6 décembre 2009, 13:12
Posté dans : Interventions, Propositions de loi et amendements

Amendement sur les conséquences de la suppression de la TP

séance du 5 décembre 2009

décembre 2009

 Service de la séance Projet de loi de Finances pour 2010(1ère lecture) DEUXIÈME PARTIE  

ARTICLES NON RATTACHÉS  

(n° 100 , 101 )  

N° II-3244 décembre 2009


  SOUS-AMENDEMENTà l’amendement n°II-199 de la commission des finances

présenté par  

 
C Favorable
G Favorable
Adopté
M. GUENÉ

ARTICLE ADDITIONNEL AVANT ARTICLE 43

   

Amendement n° II-199, alinéas 6 et 7  

Remplacer ces alinéas par un alinéa ainsi rédigé :  

– envisage différentes solutions pour faire évoluer le dispositif de compensation de garantie de ressources prévu par la présente loi, en proposant les architectures et articulations avec des dispositifs de péréquations verticale et horizontale, abondés par des dotations de l’Etat et les collectivités entre elles ;  

Objet  

Dans l’avant projet originel du gouvernement, la garantie de ressources était liée à un dispositif de péréquation. Sans revenir de façon formelle à cette articulation, dont les paramètres ont été profondément modifiés par les travaux parlementaires, il ne faut pas l’exclure.  

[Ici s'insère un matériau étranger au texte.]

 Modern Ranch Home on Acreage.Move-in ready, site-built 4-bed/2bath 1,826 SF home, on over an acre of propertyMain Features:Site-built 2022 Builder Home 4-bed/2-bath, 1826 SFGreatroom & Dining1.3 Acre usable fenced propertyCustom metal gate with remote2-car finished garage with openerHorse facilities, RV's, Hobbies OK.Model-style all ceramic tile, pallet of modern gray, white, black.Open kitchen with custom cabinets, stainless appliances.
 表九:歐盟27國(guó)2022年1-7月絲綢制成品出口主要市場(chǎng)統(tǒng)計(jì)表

Il ne faut pas non plus distinguer les deux processus et vouloir les faire évoluer de manière dépendante. Nous pouvons avoir besoin du cumul des deux dispositifs. Le bouleversement de la fiscalité locale engendrée par la Loi, et le nouveau paysage territorial vers lequel nous évoluerons à terme, avec la substitution de la VA à la TP doit pouvoir, au vu des simulations obtenues, et des prospectives dressées, faire l’objet d’une péréquation ouverte et non contrainte.  

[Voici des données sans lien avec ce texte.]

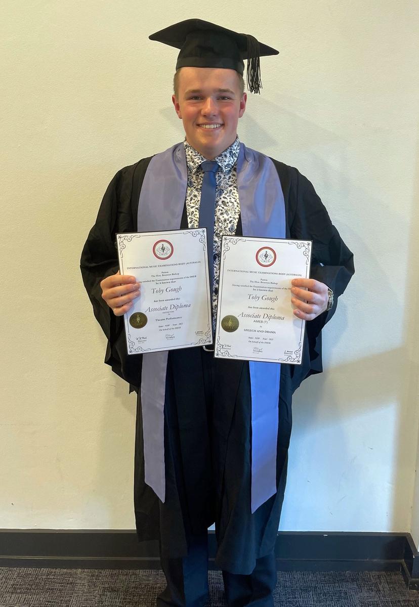 Toby Gough recently attended the International Music Examination Body Graduation Ceremony. He was awarded his Associate Diploma of Speech and Drama (Teaching), and Associate Diploma of Theatre Performance Arts, with Honours.

C’est le sens de cette rédaction, qui permettra au parlement d’être imaginatif, et de corriger, sans contrainte, les situations et leurs excès éventuels.  

Ce sous-amendement important, qui me tient à cœur, porte sur le principe même de l’amendement présenté par la commission des finances.  

Je rappelle que le Gouvernement, dans son avant-projet, avait proposé une solution très « péréquatrice » pour les territoires. À la suite des débats qui se sont déroulés à l’Assemblée nationale, de la mutualisation qui était suggérée, nous sommes revenus à la territorialisation.  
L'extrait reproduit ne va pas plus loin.